En toda la ciudad se pueden ver los perros sueltos, perdidos de sus amos o de los lugares donde habitualmente conseguían comida. En los techos de los barrios quedaron los gatos, que supieron trepar pero no huir y ahora, desde hace más de dos semanas, andan en manada buscando restos o recordando cómo cazar. Los chanchos y las gallinas tuvieron menos suerte. Claudio, uno de los hombres que pasó toda la inundación y después montado en un techo exhibe un agujero en su dentadura acusando a una gallina que desplumó y comió cuando nadie se atrevía a entrar en su barrio, el San Lorenzo al fondo. Durísima, dice. Si ahora tuviera que hacerlo de nuevo no se animaría, pero en los primeros días, junto a sus vecinos, aprendió a carnear chanchitos que venían nadando, a cuerearlos y faenarlos. La necesidad es buena maestra, dice. Hacia el norte de la ciudad, en el barrio Los Troncos, huyeron jaurías completas de perros hambrientos, más chanchos y demasiadas ratas.
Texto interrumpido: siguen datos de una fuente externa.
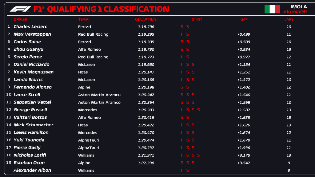 Εκτός δεκάδας είχε βρεθεί και ο Mick Schumacher, μεταξύ των δύο οδηγών της Mercedes, ο οποίος στο γύρο που θα μπορούσε να έχει βελτιώσει το χρόνο του, μπλόκαρε τα φρένα του και βγήκε εκτός πίστας στην Acque Minerali. Σε μια πολύ κακή ημέρα για την AlphaTauri, αμφότεροι οι οδηγοί αποκλείστηκαν από το πρώτο σκέλος της διαδικασίας. Παρά τις πολλαπλές αναβαθμίσεις που έφερε η ιταλική ομάδα, η απόδοση δεν ήταν καλή. Άτυχος ο Esteban Ocon, ο οποίος έπειτα από την πρώτη κόκκινη σημαία δεν κατάφερε να βγει ξανά στην πίστα, λόγω πιθανού προβλήματος στο κιβώτιο.
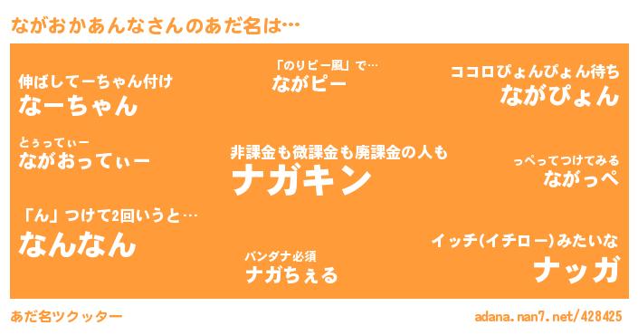 | ポケモン風あだ名 | 『ナガゴンZ』『メロナッガ』『ナガオダネ』『ナーガイ』 |

Lo que nunca llegó fue la ayuda que veían por televisión. Ni siquiera les avisaron que ya no se iba a poder tomar el agua de los pozos. En ese barrio ya hay muchos enfermos de diarrea. Los pozos negros, como en toda la zona inundada, también están tapados y rezuman un olor que ni la cal puede apagar. “Pero acá nos arreglamos bien entre todos, como hicimos siempre. Al principio les llevamos tortas fritas y mate cocido a los quedaban en los techos, era lo único que teníamos. Ahora ya conseguimos hacer guisos de fideos”, dice Ana Sánchez, orgullosa.
Todo esto ha sido dicho, escrito, denunciado. La inundación pierde espacio en la información diaria, como si con el agua se hubiera retirado también la tragedia. Sin embargo, lo único que se modificó en Santa Fe es que al agua la reemplazó el barro. Al temor a las enfermedades, las enfermedades. A los probables problemas del hacinamiento, sus secuelas.